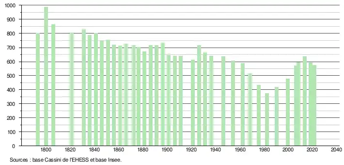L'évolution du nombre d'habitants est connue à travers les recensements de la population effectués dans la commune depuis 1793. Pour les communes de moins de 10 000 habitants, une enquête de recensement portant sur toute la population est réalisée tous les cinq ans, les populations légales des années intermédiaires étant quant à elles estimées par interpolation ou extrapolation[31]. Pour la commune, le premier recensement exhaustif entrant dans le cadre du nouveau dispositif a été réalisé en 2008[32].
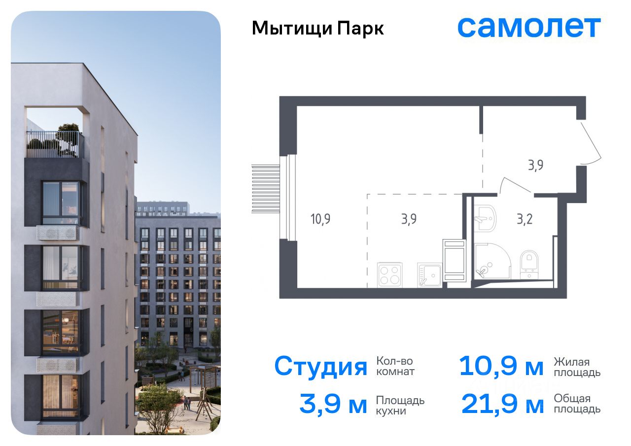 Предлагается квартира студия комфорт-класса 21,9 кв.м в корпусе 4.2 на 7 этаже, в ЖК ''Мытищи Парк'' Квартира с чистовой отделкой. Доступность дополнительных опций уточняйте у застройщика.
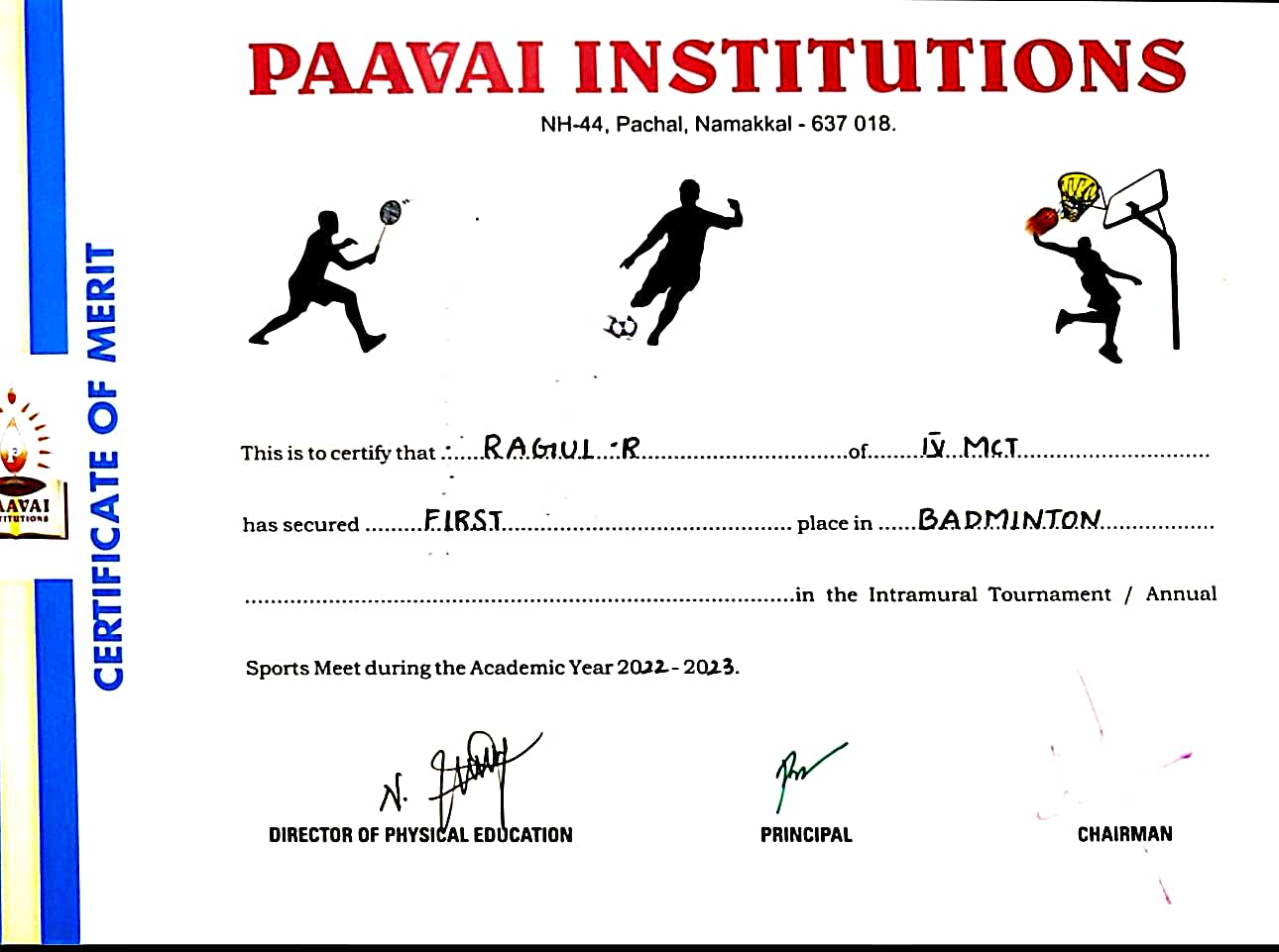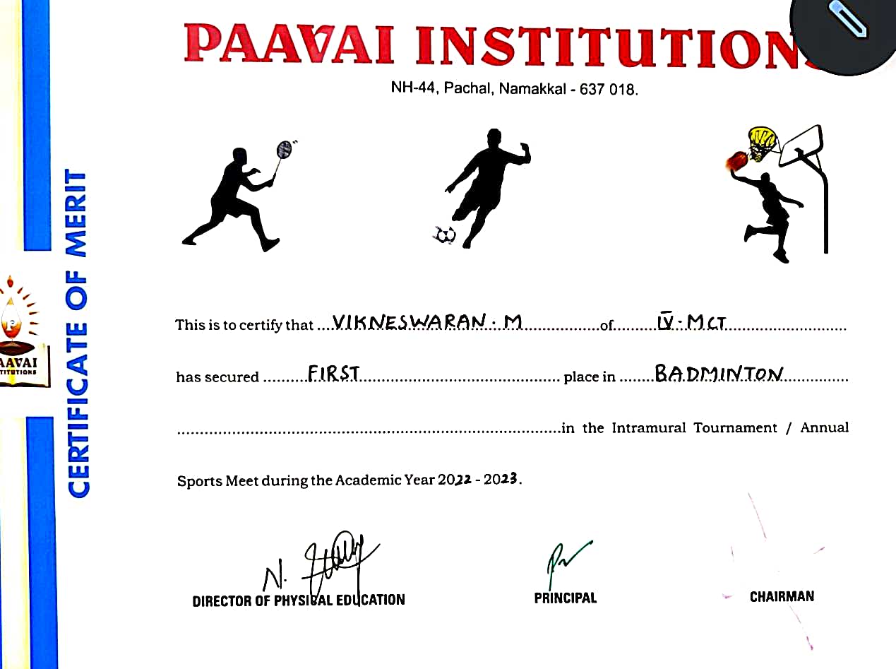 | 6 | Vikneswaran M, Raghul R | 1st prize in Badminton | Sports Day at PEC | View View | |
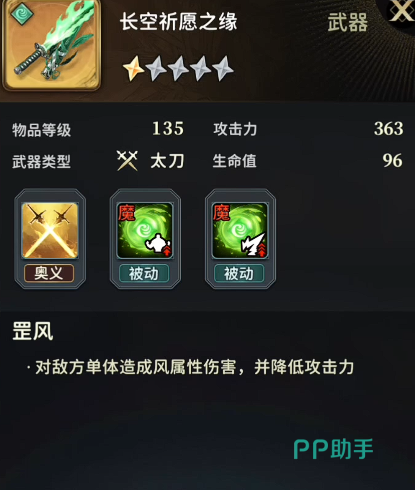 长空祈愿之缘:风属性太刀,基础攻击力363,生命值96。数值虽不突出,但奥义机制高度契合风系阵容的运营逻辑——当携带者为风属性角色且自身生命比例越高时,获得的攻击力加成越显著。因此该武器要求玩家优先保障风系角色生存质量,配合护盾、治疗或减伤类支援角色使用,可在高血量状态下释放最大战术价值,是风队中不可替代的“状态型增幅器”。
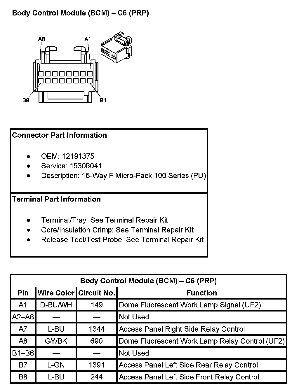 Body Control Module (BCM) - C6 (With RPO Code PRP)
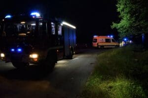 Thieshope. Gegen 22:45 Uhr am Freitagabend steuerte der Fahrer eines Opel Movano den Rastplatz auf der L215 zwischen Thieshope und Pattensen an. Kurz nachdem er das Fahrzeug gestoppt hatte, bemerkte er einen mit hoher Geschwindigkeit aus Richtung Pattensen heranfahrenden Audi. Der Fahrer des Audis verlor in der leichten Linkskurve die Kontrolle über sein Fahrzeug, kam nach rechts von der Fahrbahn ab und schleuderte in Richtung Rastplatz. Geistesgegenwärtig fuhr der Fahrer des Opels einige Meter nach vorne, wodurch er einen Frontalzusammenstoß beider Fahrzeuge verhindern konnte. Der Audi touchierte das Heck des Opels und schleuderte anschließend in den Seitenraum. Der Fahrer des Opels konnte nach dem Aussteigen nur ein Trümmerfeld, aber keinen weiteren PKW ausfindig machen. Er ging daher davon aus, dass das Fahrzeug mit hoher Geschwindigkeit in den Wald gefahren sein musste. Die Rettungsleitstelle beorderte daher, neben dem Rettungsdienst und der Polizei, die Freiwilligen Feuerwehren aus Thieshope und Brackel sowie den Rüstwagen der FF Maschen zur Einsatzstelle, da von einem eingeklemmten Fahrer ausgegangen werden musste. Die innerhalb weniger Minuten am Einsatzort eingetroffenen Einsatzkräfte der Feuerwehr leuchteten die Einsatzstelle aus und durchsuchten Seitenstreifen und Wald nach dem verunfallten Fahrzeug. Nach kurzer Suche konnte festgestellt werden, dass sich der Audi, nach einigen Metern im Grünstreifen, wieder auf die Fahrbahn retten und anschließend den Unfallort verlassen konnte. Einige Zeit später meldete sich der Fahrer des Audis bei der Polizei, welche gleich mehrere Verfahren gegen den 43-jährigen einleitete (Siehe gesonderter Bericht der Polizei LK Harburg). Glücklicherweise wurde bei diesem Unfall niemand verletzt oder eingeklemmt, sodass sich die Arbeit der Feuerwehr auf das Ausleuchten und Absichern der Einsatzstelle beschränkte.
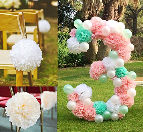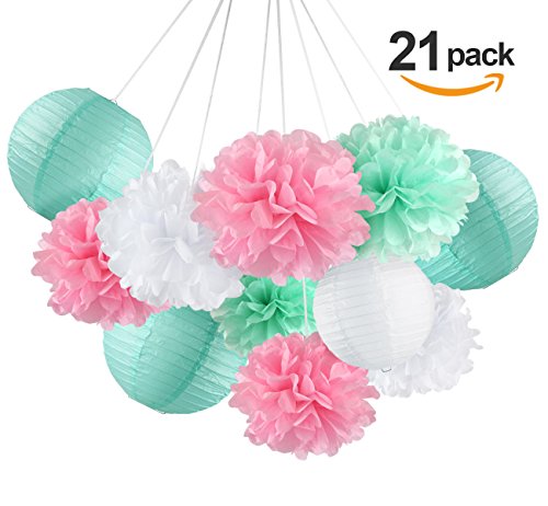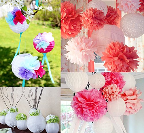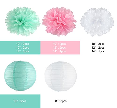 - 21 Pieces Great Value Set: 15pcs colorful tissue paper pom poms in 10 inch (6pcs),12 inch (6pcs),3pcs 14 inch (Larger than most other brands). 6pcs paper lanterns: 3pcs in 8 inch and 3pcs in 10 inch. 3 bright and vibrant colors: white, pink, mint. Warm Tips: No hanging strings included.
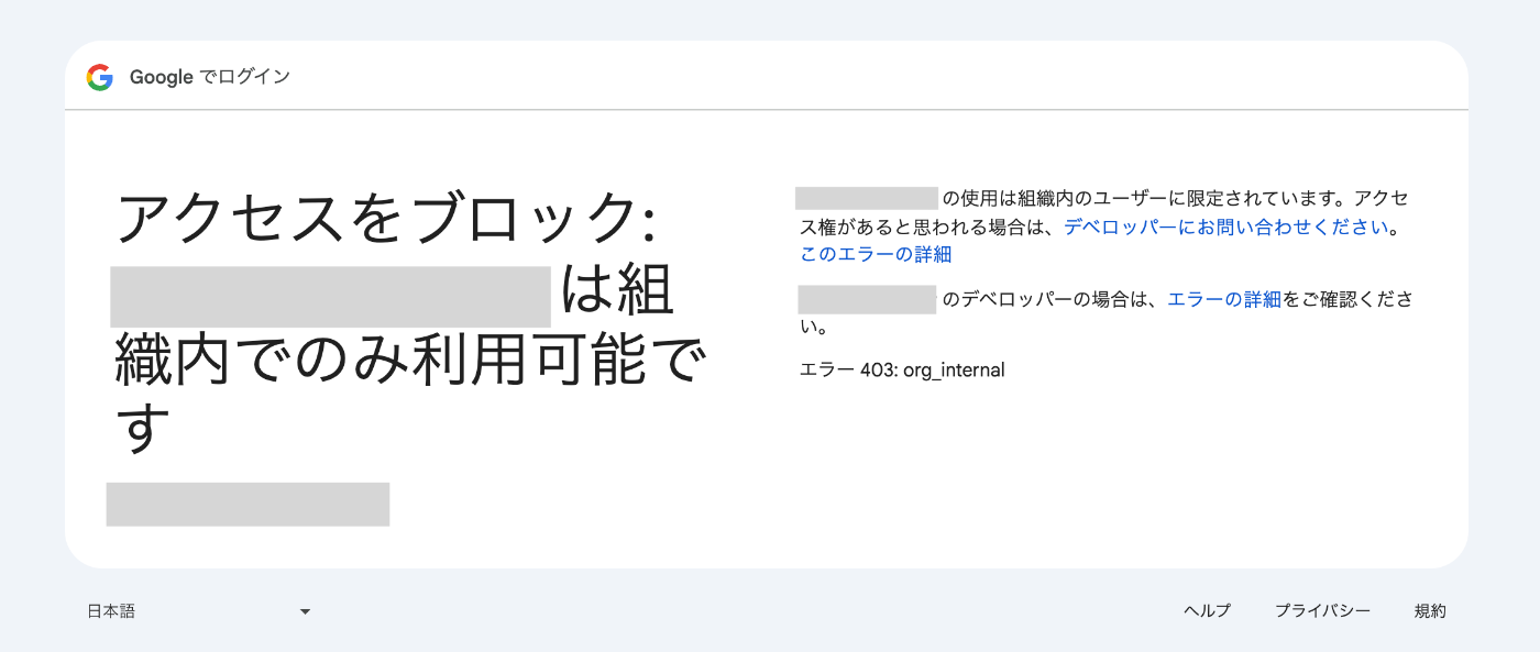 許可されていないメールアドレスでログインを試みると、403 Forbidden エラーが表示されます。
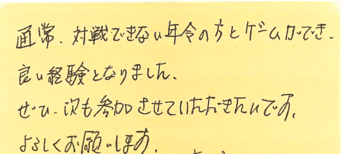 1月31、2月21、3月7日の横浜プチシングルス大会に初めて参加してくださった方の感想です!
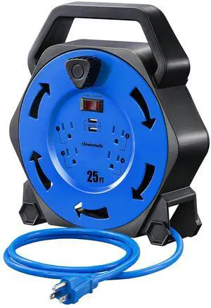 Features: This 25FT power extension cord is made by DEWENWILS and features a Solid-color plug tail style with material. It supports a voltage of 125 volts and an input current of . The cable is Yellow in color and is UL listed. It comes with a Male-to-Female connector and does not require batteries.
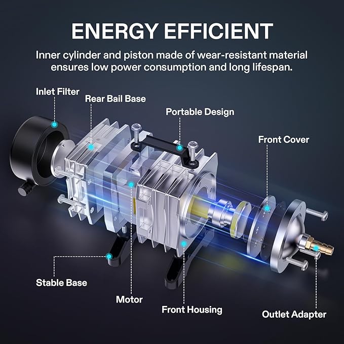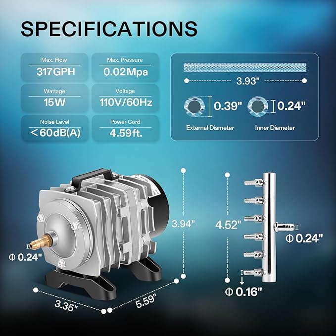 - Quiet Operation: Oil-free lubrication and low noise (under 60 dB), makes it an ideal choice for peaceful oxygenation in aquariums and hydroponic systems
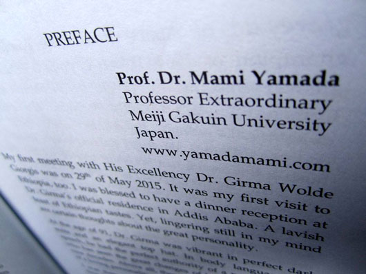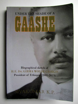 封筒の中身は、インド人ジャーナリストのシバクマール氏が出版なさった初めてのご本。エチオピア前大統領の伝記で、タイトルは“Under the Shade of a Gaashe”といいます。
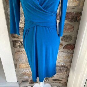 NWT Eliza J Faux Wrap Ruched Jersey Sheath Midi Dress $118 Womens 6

□ □ □ □ □

- [ACTION ITEM]: Return the listing above in full and unaltered. Keep the pictures out.

- [REPLY]:
L'évolution du nombre d'habitants est connue à travers les recensements de la population effectués dans la commune depuis 1793. Pour les communes de moins de 10 000 habitants, une enquête de recensement portant sur toute la population est réalisée tous les cinq ans, les populations légales des années intermédiaires étant quant à elles estimées par interpolation ou extrapolation[31]. Pour la commune, le premier recensement exhaustif entrant dans le cadre du nouveau dispositif a été réalisé en 2008[32].
 Предлагается квартира студия комфорт-класса 21,9 кв.м в корпусе 4.2 на 7 этаже, в ЖК ''Мытищи Парк'' Квартира с чистовой отделкой. Доступность дополнительных опций уточняйте у застройщика.
 | 6 | Vikneswaran M, Raghul R | 1st prize in Badminton | Sports Day at PEC | View View | |
 长空祈愿之缘:风属性太刀,基础攻击力363,生命值96。数值虽不突出,但奥义机制高度契合风系阵容的运营逻辑——当携带者为风属性角色且自身生命比例越高时,获得的攻击力加成越显著。因此该武器要求玩家优先保障风系角色生存质量,配合护盾、治疗或减伤类支援角色使用,可在高血量状态下释放最大战术价值,是风队中不可替代的“状态型增幅器”。
 Body Control Module (BCM) - C6 (With RPO Code PRP)
 Thieshope. Gegen 22:45 Uhr am Freitagabend steuerte der Fahrer eines Opel Movano den Rastplatz auf der L215 zwischen Thieshope und Pattensen an. Kurz nachdem er das Fahrzeug gestoppt hatte, bemerkte er einen mit hoher Geschwindigkeit aus Richtung Pattensen heranfahrenden Audi. Der Fahrer des Audis verlor in der leichten Linkskurve die Kontrolle über sein Fahrzeug, kam nach rechts von der Fahrbahn ab und schleuderte in Richtung Rastplatz. Geistesgegenwärtig fuhr der Fahrer des Opels einige Meter nach vorne, wodurch er einen Frontalzusammenstoß beider Fahrzeuge verhindern konnte. Der Audi touchierte das Heck des Opels und schleuderte anschließend in den Seitenraum. Der Fahrer des Opels konnte nach dem Aussteigen nur ein Trümmerfeld, aber keinen weiteren PKW ausfindig machen. Er ging daher davon aus, dass das Fahrzeug mit hoher Geschwindigkeit in den Wald gefahren sein musste. Die Rettungsleitstelle beorderte daher, neben dem Rettungsdienst und der Polizei, die Freiwilligen Feuerwehren aus Thieshope und Brackel sowie den Rüstwagen der FF Maschen zur Einsatzstelle, da von einem eingeklemmten Fahrer ausgegangen werden musste. Die innerhalb weniger Minuten am Einsatzort eingetroffenen Einsatzkräfte der Feuerwehr leuchteten die Einsatzstelle aus und durchsuchten Seitenstreifen und Wald nach dem verunfallten Fahrzeug. Nach kurzer Suche konnte festgestellt werden, dass sich der Audi, nach einigen Metern im Grünstreifen, wieder auf die Fahrbahn retten und anschließend den Unfallort verlassen konnte. Einige Zeit später meldete sich der Fahrer des Audis bei der Polizei, welche gleich mehrere Verfahren gegen den 43-jährigen einleitete (Siehe gesonderter Bericht der Polizei LK Harburg). Glücklicherweise wurde bei diesem Unfall niemand verletzt oder eingeklemmt, sodass sich die Arbeit der Feuerwehr auf das Ausleuchten und Absichern der Einsatzstelle beschränkte.
 - 21 Pieces Great Value Set: 15pcs colorful tissue paper pom poms in 10 inch (6pcs),12 inch (6pcs),3pcs 14 inch (Larger than most other brands). 6pcs paper lanterns: 3pcs in 8 inch and 3pcs in 10 inch. 3 bright and vibrant colors: white, pink, mint. Warm Tips: No hanging strings included.
 許可されていないメールアドレスでログインを試みると、403 Forbidden エラーが表示されます。
 1月31、2月21、3月7日の横浜プチシングルス大会に初めて参加してくださった方の感想です!
 Features: This 25FT power extension cord is made by DEWENWILS and features a Solid-color plug tail style with material. It supports a voltage of 125 volts and an input current of . The cable is Yellow in color and is UL listed. It comes with a Male-to-Female connector and does not require batteries.
 - Quiet Operation: Oil-free lubrication and low noise (under 60 dB), makes it an ideal choice for peaceful oxygenation in aquariums and hydroponic systems
 封筒の中身は、インド人ジャーナリストのシバクマール氏が出版なさった初めてのご本。エチオピア前大統領の伝記で、タイトルは“Under the Shade of a Gaashe”といいます。
 NWT Eliza J Faux Wrap Ruched Jersey Sheath Midi Dress $118 Womens 6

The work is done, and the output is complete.